I don't know what the purpose is for LOWER(`username`) != `username` clause, but I suspect it doesn't work well with usernames that have UTF8 characters in them.

bqbn commented 5 years ago

Latest update:

So far I've found 2 usernames that have UTF8 characters in them and have caused ALTER TABLE to fail. Manually adding the 2 usernames into the temp table, and then run UPDATE without the LOWER(`username`) != `username` worked for these 2 usernames.

Current issue at hand,

mysql> ALTER TABLE `users` CHANGE COLUMN `username` `username` VARCHAR (255) NOT NULL;
ERROR 1062 (23000): Duplicate entry 'fas' for key 'username'

Even though this username doesn't have any UTF8 characters, @diox theory is that there may be other usernames that do have UTF8 characters that conflict with this one. However, there are thousands of usernames that contains fas, so it's nearly impossible to manually identify which one causes the issue.
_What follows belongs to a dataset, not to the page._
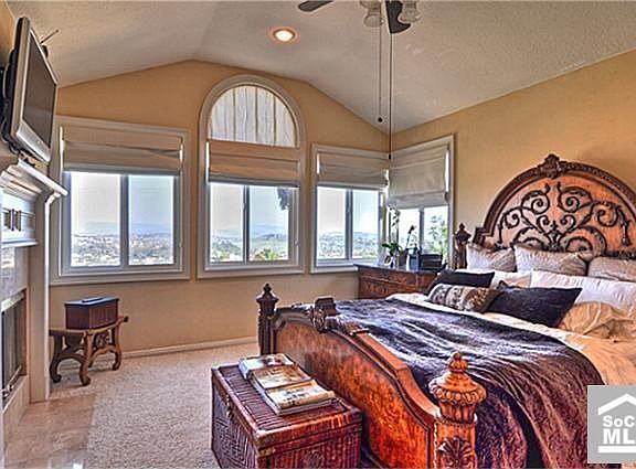 The Floorplan was expanded and remodeled to create a Beautiful Oversized Family/Great Style Room which opens to the Gourmet Remodeled Kitchen and with new Custom French doors to the View Yard. With over $200,000 in remodeling, words cannot describe the tasteful elegance of this pristine Belle Maison View Home with Custom Enlarged Floorplan and Extensive Upgrades. Expansion of the Formal Living Room added a grand piano sized 'Music Room.' In addition, the large Upper Loft was enclosed to create Bonus Room/Studio. Custom Crown and Baseboard Moldings, low e Double Ppane Windows, and Distressed Wood Floors were added. A recent Complete Master Bathroom Remodel included Beautiful Rich Cabinetry, Sinks, Tub, and Custom Stone throughout. Low Maintenance Backyard features a Custom Roughcut Stone Barbecue with Slab Granite Surfaces. The theme is carried throughout the lavish backyard with a View Seating Bar and raised dining area. Panoramic City Light,and Mountain Views.

mysql> select count(*)  from users where username like '%fas%';
+----------+
| count(*) |
+----------+
|     2633 |
+----------+

I guess one way to get around the fas username is to manually change it to something random, however, the bigger questions is how many of those cases exist in the database? Manually trying them out could easily take hours.

Can we have a programmatical way to first figure out how many such conflicts there are, then we can come up with a plan to fix it, either manually or programmatically?

bqbn commented 5 years ago

Can we have a programmatical way to first figure out how many such conflicts there are, then we can come up with a plan to fix it, either manually or programmatically?

I sort of answered the first part of my own question by running this,

mysql> select count(*) from users where username <> CONVERT(username  USING ASCII);
+----------+
| count(*) |
+----------+
|   115338 |
+----------+

With that many usernames that contain non ASCII characters, I don't think we can solve the issue manually (e.g. I've spent over an hour repeatedly running the queries manually, and only found and fixed 5 such duplicated names, and there are apparently many many more).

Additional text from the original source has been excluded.